Creating a Culture of Collaboration: Collaborative Models for Digital Libraries in a Heterogeneous Institutional Landscape (Phillips)

In 2005, the Texas State Library and Archives Commission, the University of North Texas (UNT), and other partners across the state received an Institute of Museum and Library Services (IMLS) National Leadership grant to develop a multi-component federated search tool on behalf of the Texas Heritage Digitization Initiative. In order for this project to be successful, the project team had to negotiate not only technical challenges, such as interoperability protocols, but also cultural challenges that threatened the collaborative structure of the initiative.
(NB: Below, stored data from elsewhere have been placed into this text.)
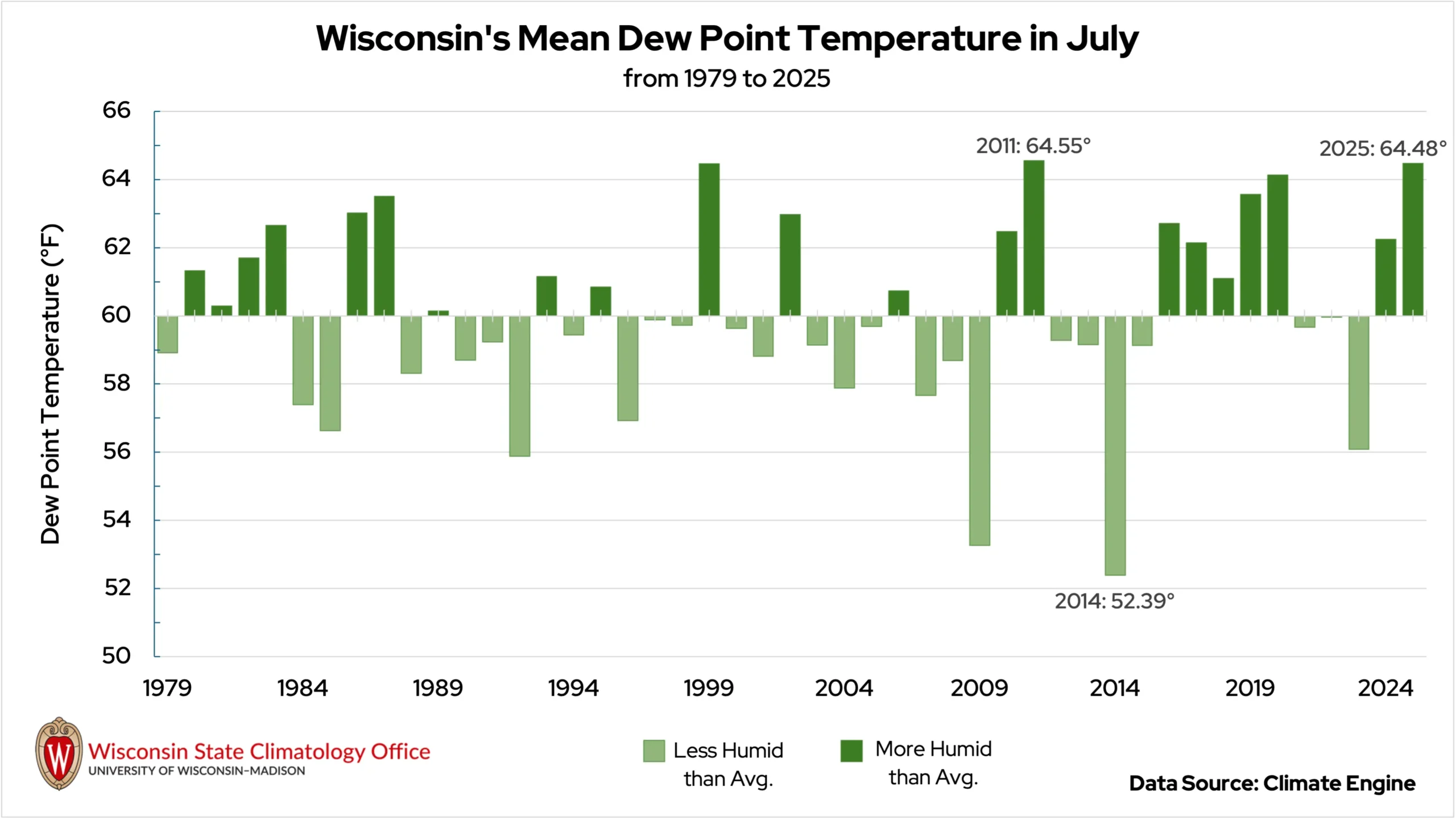 To make matters worse, dew point temperatures rose to the lower 70s and even mid-70s in some locations, making for incredibly muggy and uncomfortable conditions to end the month. In fact, July 2025’s average dew point temperature (64.48 degrees) was the second-highest July monthly average on record in Wisconsin going back to 1979 (Figure 3).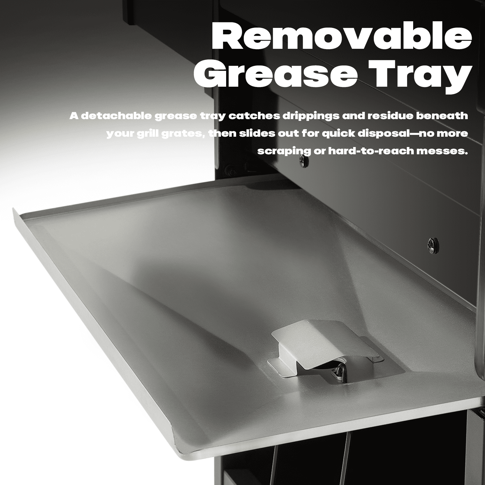 - Convenient grease management system with a slide-out tray for easy cleanup after every cookout.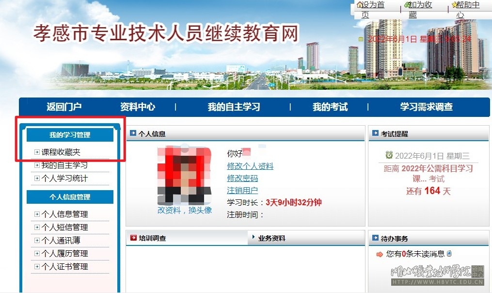 在“个人中心信息管理”中,点击“个人学习统计”,即可查询已学学时。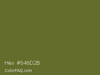 Hex #646d2b Color is a dark yellow color and the nearest color is Fern Frond #657220. Hex code #646d2b and RGB value is rgb(100,109,43). In RGB color space, this color is composed of 39% red, 43% green, 17% blue, In CMYK color space, this color is composed of 8% cyan, 0% magenta, 61% yellow , 57% black , In HSL color space, this color has a hue angle of 68° , 43% saturation and 30% lightness.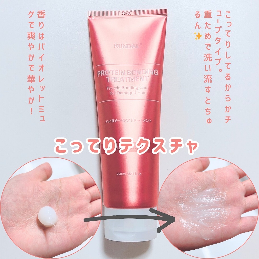 韓国で大人気のプレミアムヘアケアブランド「KUNDAL(クンダル)」。プロテインダメージケアラインのシャントリを使わせて頂いた。 植物由来のタンパク質成分で補修するヘアケアライン。他にも、6種のヒアルロン酸、3種の花のエキスが配合され、うるおいとツヤのある仕上がりへ導くとのこと。 香りが良い!専門の調香師と研究所による香りは、上質な高級感があって、しかも長続き。今回使用した香り「レザーアイリス」は、レザーのスモーキーで落ち着いた香りと、アイリスの上品な香りの対照的な調和がオシャレ✨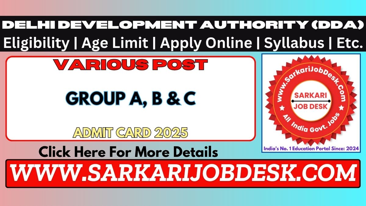 DDA Group A, B & C Various Post Eligibility 2025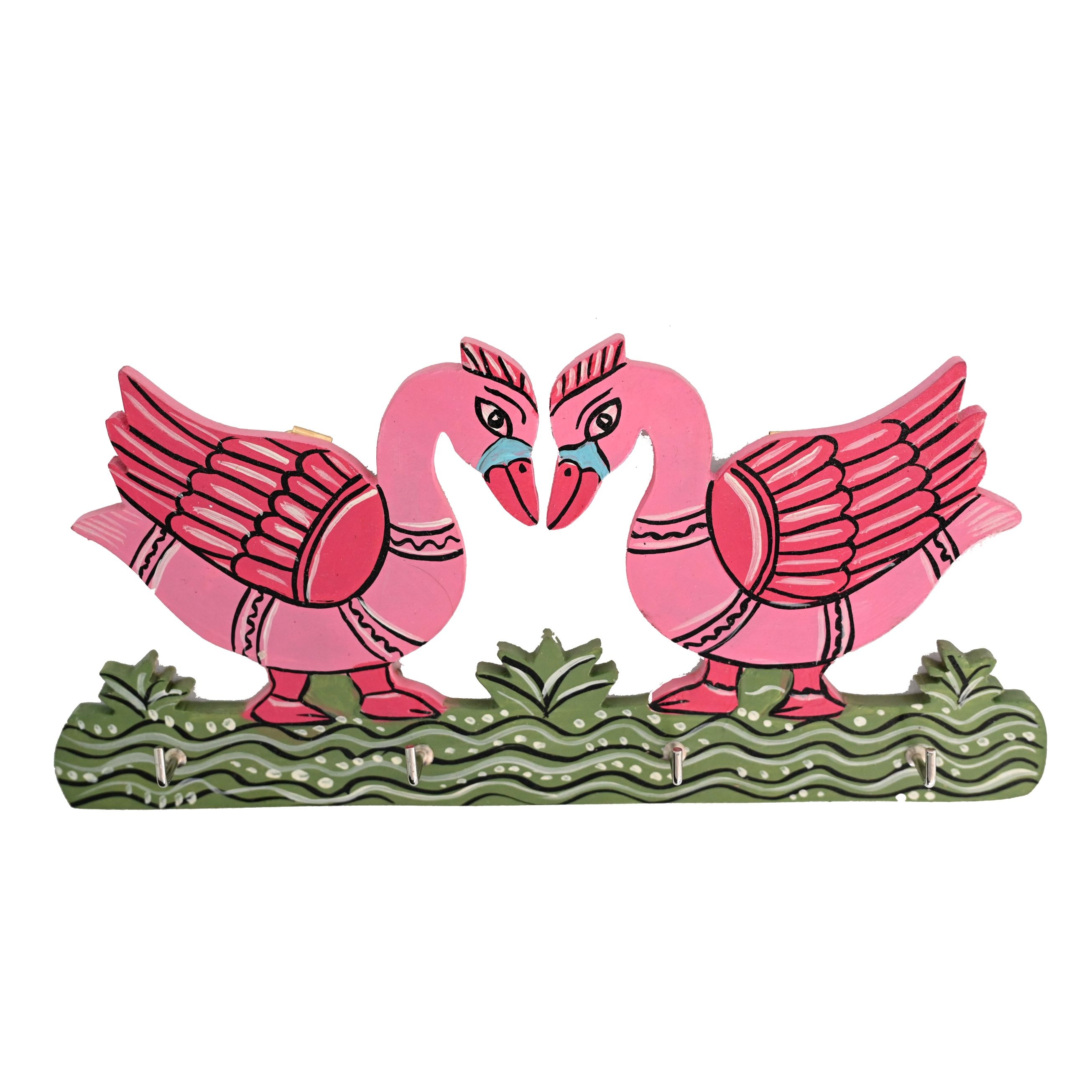 Add a touch of charm and functionality to your home with our Wooden Key Holder. Handcrafted in Bihar, this wall decorative key holder features a unique design of love birds, bringing a whimsical and vintage appeal to any room.

Ultimately, a variety of models were adopted, depending on the type, needs, and capabilities of individual institutions.

In this presentation, the broad landscape of digitization of cultural materials in Texas will be described, as well as three scenarios for collaboration that have been incorporated into a single point of access for end users: the Portal to Texas History, a multi-institutional repository hosted at UNT; an OAI harvester and content syndication service, also managed at UNT; and a network of content providers loosely linked through a normalized federated search application managed by the Texas State Library and Archives Commission. These scenarios provide sufficient flexibility and extensibility to accommodate a nearly unlimited number of additional institutions and content types. By providing options rather than mandating solutions, we have increased participation and fostered a collaborative culture among various types of institutions and institutional environments.

http://texashistory.unt.edu
http://www.texasheritageonline.org/

Crossroads to Freedom: Institutionalizing a Digital Collection (Bonefas, et al.)

Crossroads to Freedom is a digital archive of materials related to the civil rights era in Memphis, TN. Its primary goals are (1) to support conversation in Memphis about the impact of the civil rights era on our community today, and (2) to provide Rhodes College students with the opportunity to participate in this conversation by creating, maintaining and managing the archive. The archive is built on Fedora, and contains a variety of media types, including digital video (interviews), short text documents (letters, memos, etc.), book-length documents, and images.

A brief background on this project will be provided as a starting point for discussion of lessons learned from collaborative digital collection building. In particular, connecting a digital library project to an institutional mission in partnership with a local (and non-virtual) community will be discussed. Issues facing small colleges striving to adhere to accepted standards for creation and maintenance of large-scale digital library projects, will also be raised, and there will be discussion regarding strategies for overcoming resource limitations. These include local partnerships, outsourcing, connection of the archive to the academic program, and the role of undergraduate students.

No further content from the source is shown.